-- Given material --
--------

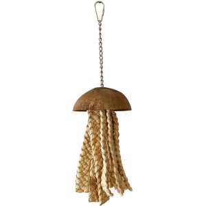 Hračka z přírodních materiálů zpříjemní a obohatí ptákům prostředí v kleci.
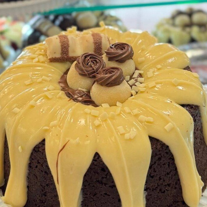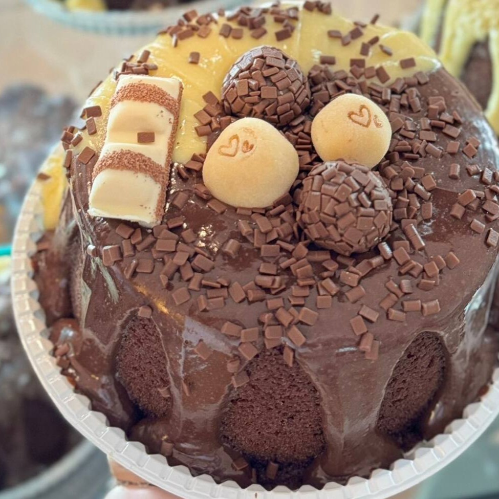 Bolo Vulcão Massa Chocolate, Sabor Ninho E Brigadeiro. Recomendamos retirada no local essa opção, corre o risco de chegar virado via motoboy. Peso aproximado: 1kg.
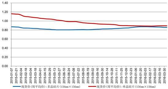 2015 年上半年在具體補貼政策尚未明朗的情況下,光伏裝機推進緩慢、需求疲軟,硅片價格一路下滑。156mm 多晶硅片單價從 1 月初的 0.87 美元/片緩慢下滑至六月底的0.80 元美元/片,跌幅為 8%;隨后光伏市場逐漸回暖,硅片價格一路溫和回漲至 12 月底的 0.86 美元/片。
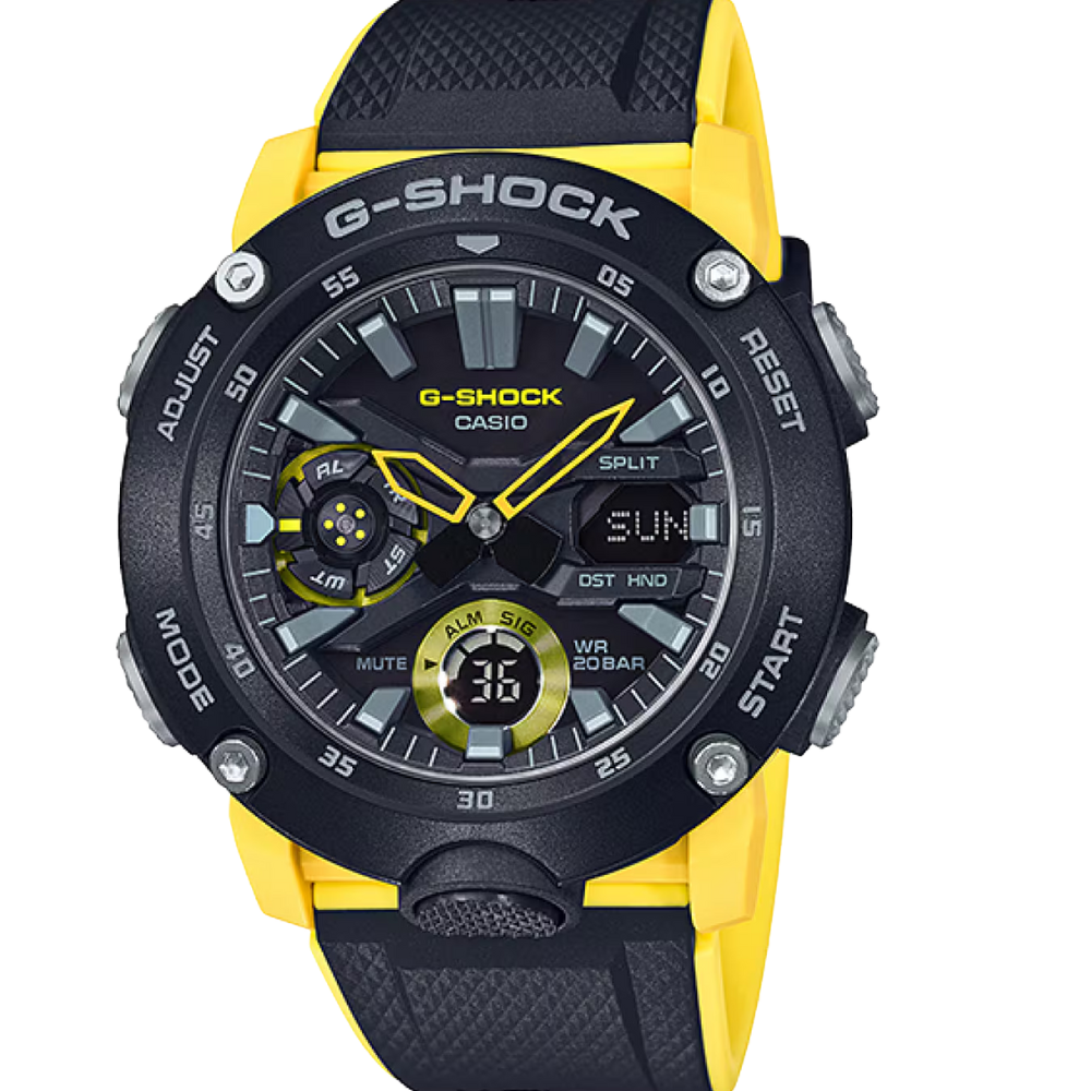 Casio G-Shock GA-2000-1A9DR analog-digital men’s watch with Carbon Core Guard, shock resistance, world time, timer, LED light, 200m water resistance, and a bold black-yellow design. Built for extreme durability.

--------

-- Work to be completed --
The lines above should be transcribed exactly, with every image removed.

-- Written solution --
 Hračka z přírodních materiálů zpříjemní a obohatí ptákům prostředí v kleci.
 Bolo Vulcão Massa Chocolate, Sabor Ninho E Brigadeiro. Recomendamos retirada no local essa opção, corre o risco de chegar virado via motoboy. Peso aproximado: 1kg.
 2015 年上半年在具體補貼政策尚未明朗的情況下,光伏裝機推進緩慢、需求疲軟,硅片價格一路下滑。156mm 多晶硅片單價從 1 月初的 0.87 美元/片緩慢下滑至六月底的0.80 元美元/片,跌幅為 8%;隨后光伏市場逐漸回暖,硅片價格一路溫和回漲至 12 月底的 0.86 美元/片。
 Casio G-Shock GA-2000-1A9DR analog-digital men’s watch with Carbon Core Guard, shock resistance, world time, timer, LED light, 200m water resistance, and a bold black-yellow design. Built for extreme durability.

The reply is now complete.